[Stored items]
● ● ●

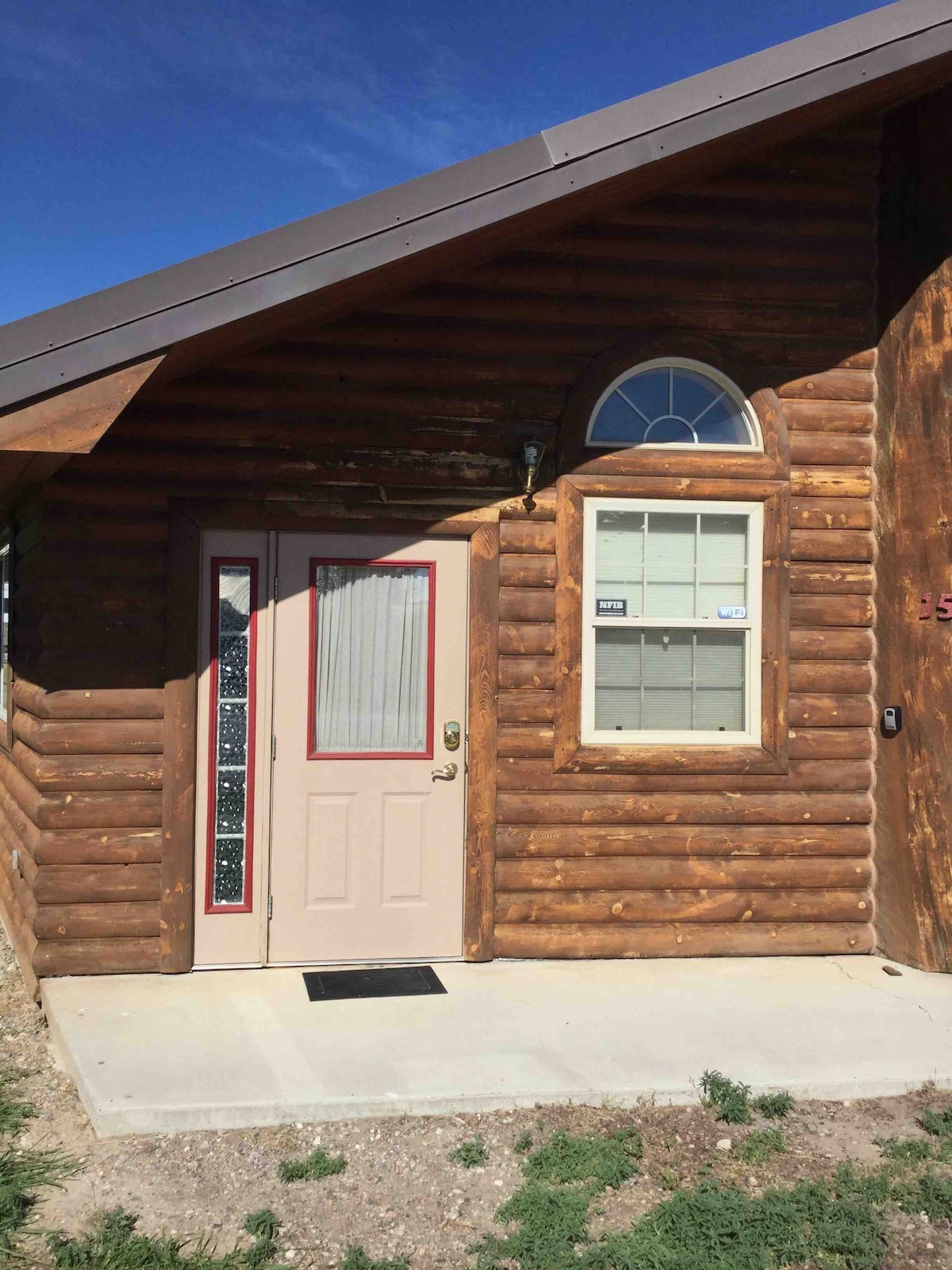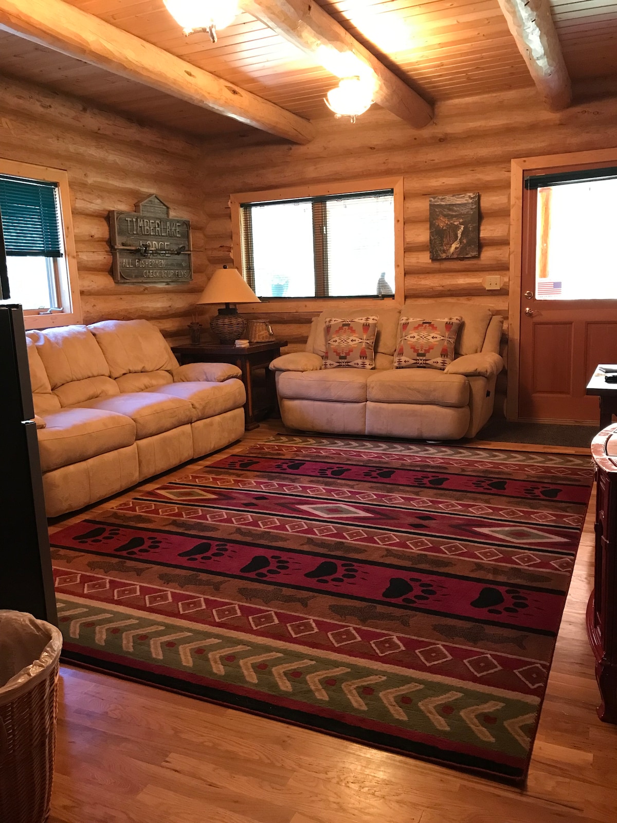 Þetta rými er svíta á jarðhæð sem er í boði á timburheimilinu okkar. Það er sérinngangur. Svefnherbergi með viðarrúmi í queen-stærð. Sérbaðherbergi með sturtu. Den svæðið m/ 43" flatskjásjónvarpi. Starlink internet WiFi. Bar svæði með litlum ísskáp, Keurig og örbylgjuofni. Þetta rými deilir sameiginlegum 12" þykkum timburvegg með dyragátt inn í aðalhúsið sem er lokað. Þrátt fyrir að við séum hljóðlát og virðing fyrir gestum sem við tökum á móti gætum við heyrt í venjulegum heimilishljóðum þar sem svítan er ekki hljóðeinangruð.
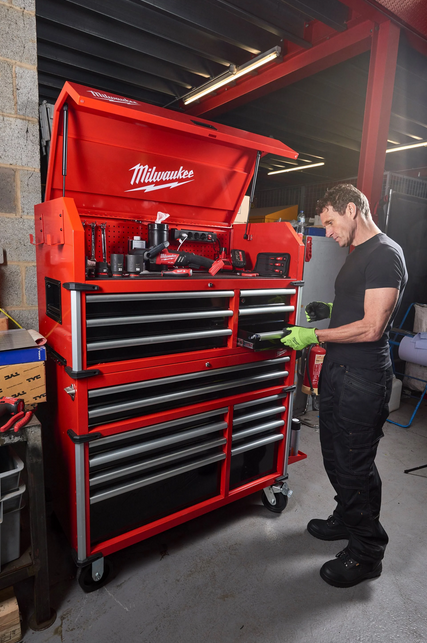 - Magnetischer 240-Volt-Elektroverteiler ermöglicht das Laden von Akkus direkt am Werkstattwagen.
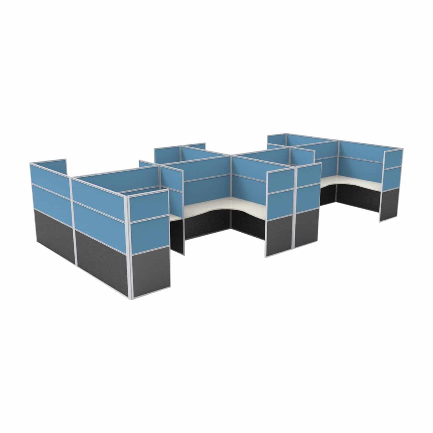 Each workstation is equipped with a durable white desktop, supported by integrated screen-hung legs. The configuration is offered in multiple sizing options to suit your floorplan, and adjustable feet ensure stability on uneven surfaces.
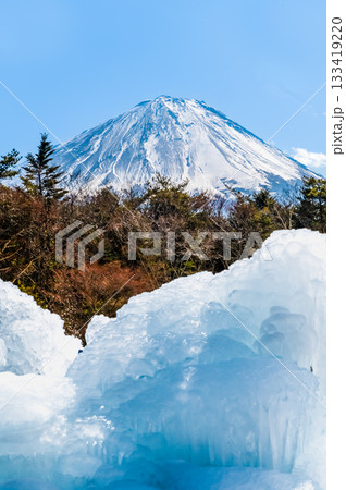 (山梨県)凍結してジュエリーアイス風な精進湖 富士山 夜明け
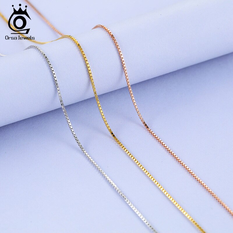 ORSA JEWELS Italian 925 Sterling Silver Box Chain Necklace Rose Gold/Gold Plated Silver Necklaces Neck Chains for Pendant SC07-G
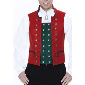 Vesten sys i rød klede med ståkrage og et grønt, innfelt forstykke for å gi en illusjon av 2 vester. På vesten til Indre Hordaland er det gule og grønne stikninger på kragen. Langs fremkanten av kragen og langs halsskjæringen på den røde delen av vesten er det grønne kanter. Vesten til Ytre-Nordhordland har en tettere halsskjæring, og den røde delen er kantet med grønt, mens den grønne delen er kantet med rødt. Begge vestene er dobbeltspent med 32 eller 34 små sølvknapper avhengig av modell.
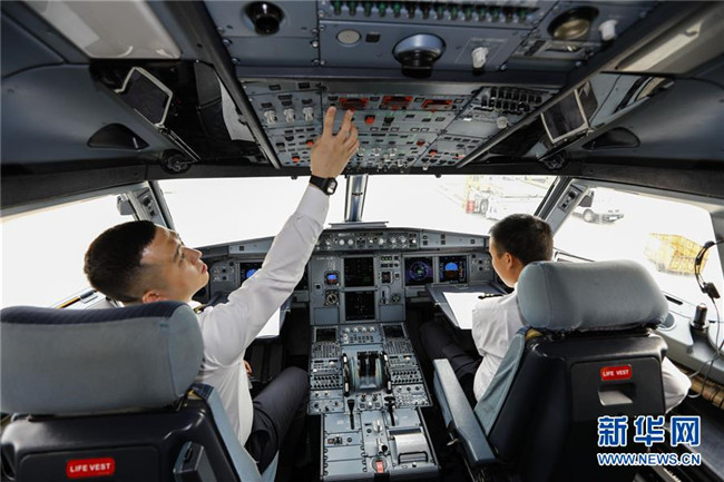 4月18日,試飛開(kāi)始前,重慶航空公司的機(jī)長(zhǎng)在進(jìn)行航前檢查。當(dāng)日,隨著重慶航空一架客機(jī)安全平穩(wěn)降落在巫山機(jī)場(chǎng),標(biāo)志著地處長(zhǎng)江三峽核心區(qū)的巫山機(jī)場(chǎng)試飛工作圓滿(mǎn)成功。本次試飛對(duì)巫山機(jī)場(chǎng)陸空通信、導(dǎo)航設(shè)施、跑道道面、滑行路線(xiàn)、飛行區(qū)標(biāo)志標(biāo)識(shí)、機(jī)場(chǎng)凈空、飛行程序、機(jī)場(chǎng)運(yùn)行標(biāo)準(zhǔn)等進(jìn)行全面檢驗(yàn),各項(xiàng)參數(shù)和指標(biāo)正常,機(jī)場(chǎng)相關(guān)設(shè)施、設(shè)備均符合行業(yè)規(guī)范要求,飛行區(qū)已基本具備民航飛機(jī)通航條件,有望在今年6月正式通航。新華社記者 劉潺 攝

● ● ●

All of the records should be set down exactly, minus the pictures they hold.

Written answer:
 Þetta rými er svíta á jarðhæð sem er í boði á timburheimilinu okkar. Það er sérinngangur. Svefnherbergi með viðarrúmi í queen-stærð. Sérbaðherbergi með sturtu. Den svæðið m/ 43" flatskjásjónvarpi. Starlink internet WiFi. Bar svæði með litlum ísskáp, Keurig og örbylgjuofni. Þetta rými deilir sameiginlegum 12" þykkum timburvegg með dyragátt inn í aðalhúsið sem er lokað. Þrátt fyrir að við séum hljóðlát og virðing fyrir gestum sem við tökum á móti gætum við heyrt í venjulegum heimilishljóðum þar sem svítan er ekki hljóðeinangruð.
 - Magnetischer 240-Volt-Elektroverteiler ermöglicht das Laden von Akkus direkt am Werkstattwagen.
 Each workstation is equipped with a durable white desktop, supported by integrated screen-hung legs. The configuration is offered in multiple sizing options to suit your floorplan, and adjustable feet ensure stability on uneven surfaces.
 (山梨県)凍結してジュエリーアイス風な精進湖 富士山 夜明け
 ORSA JEWELS Italian 925 Sterling Silver Box Chain Necklace Rose Gold/Gold Plated Silver Necklaces Neck Chains for Pendant SC07-G
 Vesten sys i rød klede med ståkrage og et grønt, innfelt forstykke for å gi en illusjon av 2 vester. På vesten til Indre Hordaland er det gule og grønne stikninger på kragen. Langs fremkanten av kragen og langs halsskjæringen på den røde delen av vesten er det grønne kanter. Vesten til Ytre-Nordhordland har en tettere halsskjæring, og den røde delen er kantet med grønt, mens den grønne delen er kantet med rødt. Begge vestene er dobbeltspent med 32 eller 34 små sølvknapper avhengig av modell.
 4月18日,試飛開(kāi)始前,重慶航空公司的機(jī)長(zhǎng)在進(jìn)行航前檢查。當(dāng)日,隨著重慶航空一架客機(jī)安全平穩(wěn)降落在巫山機(jī)場(chǎng),標(biāo)志著地處長(zhǎng)江三峽核心區(qū)的巫山機(jī)場(chǎng)試飛工作圓滿(mǎn)成功。本次試飛對(duì)巫山機(jī)場(chǎng)陸空通信、導(dǎo)航設(shè)施、跑道道面、滑行路線(xiàn)、飛行區(qū)標(biāo)志標(biāo)識(shí)、機(jī)場(chǎng)凈空、飛行程序、機(jī)場(chǎng)運(yùn)行標(biāo)準(zhǔn)等進(jìn)行全面檢驗(yàn),各項(xiàng)參數(shù)和指標(biāo)正常,機(jī)場(chǎng)相關(guān)設(shè)施、設(shè)備均符合行業(yè)規(guī)范要求,飛行區(qū)已基本具備民航飛機(jī)通航條件,有望在今年6月正式通航。新華社記者 劉潺 攝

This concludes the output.